También asistieron Rudaina Ansari, en representación de Turespaña; Michelle Mirón, directora de Relaciones Institucionales de La Nacional, la institución española más antigua de Nueva York; el reconocido especialista en relaciones públicas Wendell Figueroa Ruiz; la diseñadora Martha Phillips; Bisila Bokoko y Ulrich Schulte, de Bisila Bokoko Embassy Services; además del periodista José Ángel Abad, corresponsal de Antena 3 en Estados Unidos, junto a numerosos representantes del mundo empresarial, cultural y gastronómico.
La lista de invitados reflejaba con claridad el propósito del acto. No se trataba únicamente de reunir amantes del cocido. Se pretendía congregar a personas capaces de multiplicar el mensaje. Auténticos prescriptores de la cultura española en Norteamérica.
Cuando un plato explica un país
Mientras los invitados recorrían la cubierta admirando el histórico velero, en las cocinas del barco el trabajo alcanzaba su momento decisivo. Los fogones llevaban horas funcionando. Las enormes ollas desprendían un aroma que empezaba a invadir lentamente cada rincón del buque. Era un olor reconocible para cualquier español. El perfume del caldo elaborado lentamente.
El de los garbanzos absorbiendo todos los matices del morcillo, el tocino, los huesos y la gallina. El de las verduras aportando equilibrio. El de las horas de cocción paciente. Era, en definitiva, el olor de muchas casas españolas durante generaciones.

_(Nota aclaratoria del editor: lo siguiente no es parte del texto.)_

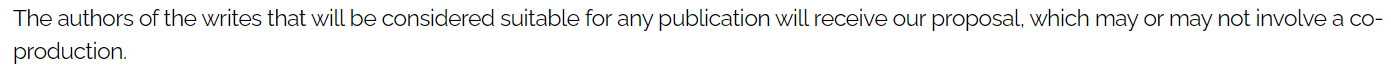 “Co-production” equals pay-to-play. “May or may not” usually equals pretty much always.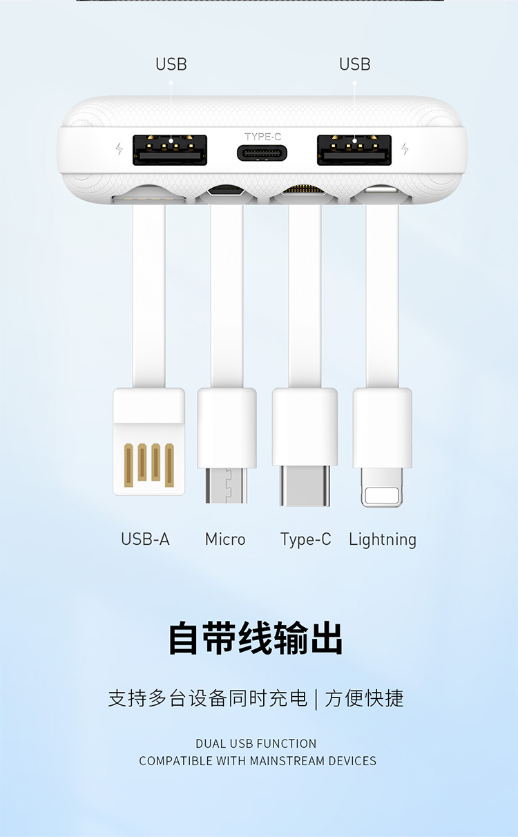 RECCI锐思 RP01移动电源自带线Lightning+Type- USB口充电宝 10000毫安
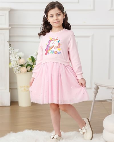 • Design: Cute unicorn, dinosaur, butterfly, flower, Halloween, Christmas designs printed girls sweat party dress, glitter design for a sparkling and stylish look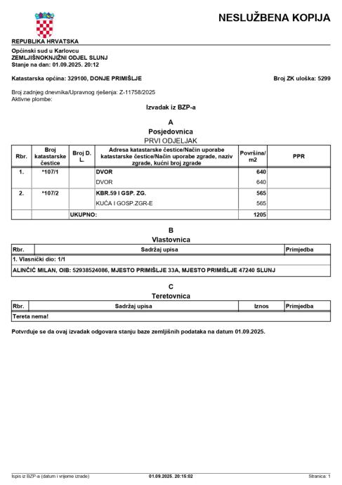 Posebna prednost: dio zemljišta uključuje i čestice **(107/1 i 107/2) na kojima su u zemljišnim knjigama upisani objekti (kuća i gospodarske zgrade). To daje kupcu mogućnost obnove, rekonstrukcije ili gradnje na postojećim građevinskim česticama.

Y, curiosamente, aquel aroma comenzaba a despertar una enorme curiosidad entre muchos invitados extranjeros. La explicación del cocido se convirtió casi en una lección de historia. No era simplemente un guiso. Era una receta nacida del mestizaje cultural de la Península Ibérica. Una evolución de siglos. Una suma de influencias judías, castellanas y populares. Una cocina basada en el aprovechamiento. En la paciencia. En el producto. En la convivencia alrededor de una mesa.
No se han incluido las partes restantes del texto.